Hong Kong retail investors give Xiaomi’s IPO the cold shoulder, put off by high financing cost and valuation
Anecdotal evidence from four of the city’s biggest retail brokers indicated that the portion bought by individual investors exceeded their allocations by a combined 33 per cent on the first day of offer
Xiaomi’s US$6.1 billion initial public offering was subscribed to by Li Ka-shing, Jack Ma Yun and Pony Ma Huateng, but given the cold shoulder by most of Hong Kong’s retail investors, an ominous sign for the city’s bellwether fundraising attempt of 2018.
Anecdotal evidence from four of the city’s biggest retail brokers indicated that the portion bought by individual investors exceeded their allocations by a combined 33 per cent on the first day of offer, in stark contrast to the oversubscriptions recorded by Ping An Healthcare & Technology, China Literature and ZhongAn Online. A total of 109 million Xiaomi shares would be offered to retail investors over four days.
At Bright Smart Securities, only HK$1.3 billion of shares, or 3 per cent of its reserved quota, was subscribed to as of Monday evening.
The initial reception by retail investors was “worse than for Ping An Good Doctor, not to mention the record-breaking rush for China Literature,” said the brokerage firm’s chief executive Edmond Hui Yik-bun.
The lacklustre outcome may cast a pall over the city’s stock exchange, which last year pushed through the biggest overhaul of its listing regulations in decades to attract biotechnology research teams and technology companies like Xiaomi to raise capital in the city.
Xiaomi, the world’s fourth-largest smartphone maker, has picked a challenging time to raise funds in Hong Kong, as the cost of money measured by the one-month interbank offer rate, or hibor, soared to a 10-year high of 2.125 per cent.
Another factor weighing on Xiaomi’s IPO is its pricing, which values the company at between 39 to 51 times earnings, compared with the 14.8 times forward earnings at Apple, the world’s most profitable smartphone and devices maker.
“The number one concern for retail investors is Xiaomi’s valuation,” said Alvin Cheung, associate director for Prudential Brokerage, which saw a mere HK$500 million being subscribed to by retail investors, or 2 per cent of the HK$24 billion reserved. “The elevated hibor rate means high borrowing cost for IPO financing.”
Institutional investors also balked at Xiaomi’s valuation during a roadshow to take up the remaining 95 per cent of stocks in the offering.
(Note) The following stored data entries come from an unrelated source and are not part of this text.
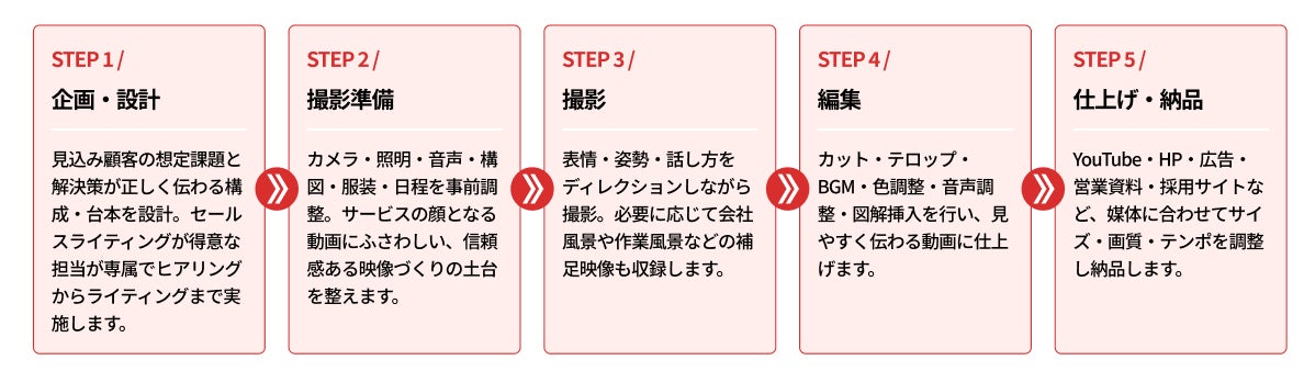 企画・設計からキックオフヒアリング、撮影、編集を経て、お申し込みから最短1ヶ月での納品を目指しています。まずはお気軽に無料相談からご連絡ください。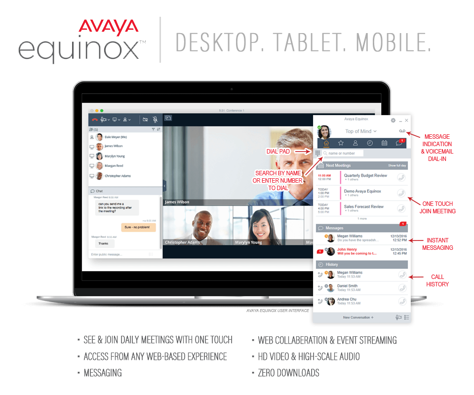 With Avaya's Equinox Conferencing system you can consolidate to a single meeting platform to simplify any task. Bask in the benefits of face-to-face interactions with clients and colleagues from any device. With just one click you can connect from anywhere in the world. Easily share content, comments, record sessions, experience high quality audio, and so much more.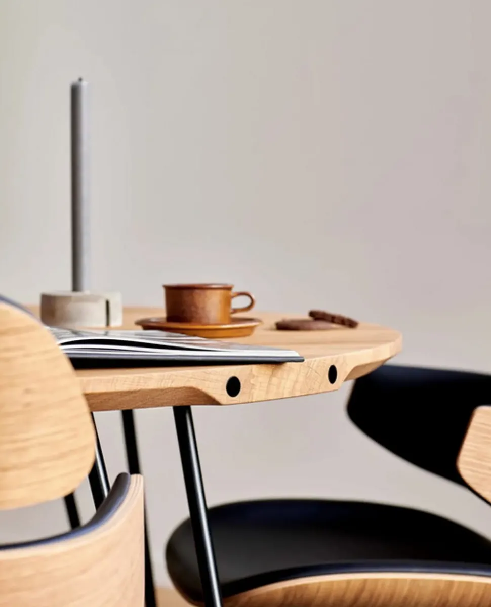 Der Midas-Stuhl GM 576 von Never Collection, entworfen von Susanne Grønlund, ist eine beeindruckende Verkörperung dänischer und internationaler Designtraditionen. Der aus Formholz in Esche, Eiche oder Nussbaum gefertigte Stuhl zeichnet sich durch weiche Kurven aus, die außergewöhnlichen Komfort und Halt bieten. Das Zusammenspiel der geformten Holzelemente erzeugt einen dynamischen visuellen Fluss mit Kurven, die elegant auseinander- und zusammenlaufen. Das schlichte, schwarz pulverbeschichtete Gestell verleiht dem Stuhl einen Hauch von moderner Leichtigkeit und passt damit ideal in zeitgenössische Wohnungen.

Xiaomi had to rely on two of its largest business partners – Qualcomm that supplies its chips, and China Mobile its network provider – as cornerstone investors to anchor its IPO.
Lei Jun, the serial entrepreneur who drove his company from start-up into a behemoth with more than 100 billion yuan (US$16 billion) in global sales in a mere seven years, called Xiaomi the “triathlete” of the technology world: smartphone and devices maker, e-commerce platform and internet company.
The company, whose name means millet in Chinese, should be valued like a hybrid of Apple and Tencent Holdings, China’s largest games publisher and social media operator, Lei said during a weekend pitch.
Li Ka-shing, known affectionately in Hong Kong as “Superman” for his ability to pick winners, appears to have been persuaded of Xiaomi’s potential. The tycoon has subscribed to US$30 million worth of Xiaomi shares, according to Canning Fok Kin-ning, co-managing director of CK Hutchison Holdings. Hutchison agreed in April to sell Xiaomi’s phones in its network of 17,700 retail outlets around the world.
Jack Ma, chairman of this newspaper’s owner Alibaba Group Holdings, is also a believer in Lei. Yunfeng Capital, the private equity fund founded by Ma, was an early investor in Xiaomi before its public offer.
Tencent’s founder and chairman Pony Ma also subscribed to Xiaomi’s shares, bankers said, declining to divulge details. Tencent’s China Literature unit was overbought by 391 times during its IPO last November, locking up HK$520 billion in capital, or a third of Hong Kong’s money supply.
Hong Kong’s IPO market had traditionally been the place for a quick punt, where investors would borrow to buy stocks, selling them on the first trading day for a profit.
“At current margin financing rate of between 2.88 per cent and 3 per cent, Xiaomi’s stock will need to rise by between 10 per cent and 20 per cent when they trade, for investors to cover their financing cost,” said Prudential’s Cheung.
IPO fever has abated in the past few months with the hibor rising, with 53 per cent of 87 IPOs trading below their offer prices within the first month of trading, according to Bloomberg data.
Ping An Healthcare, also known as Ping An Good Doctor, was offered at HK$54.80 per share in April, but fell below its offer price on the second day of its trading debut, and has closed above that price on only two of the 36 market days since.
“Investors are afraid the same will happen to Xiaomi,” Cheung said.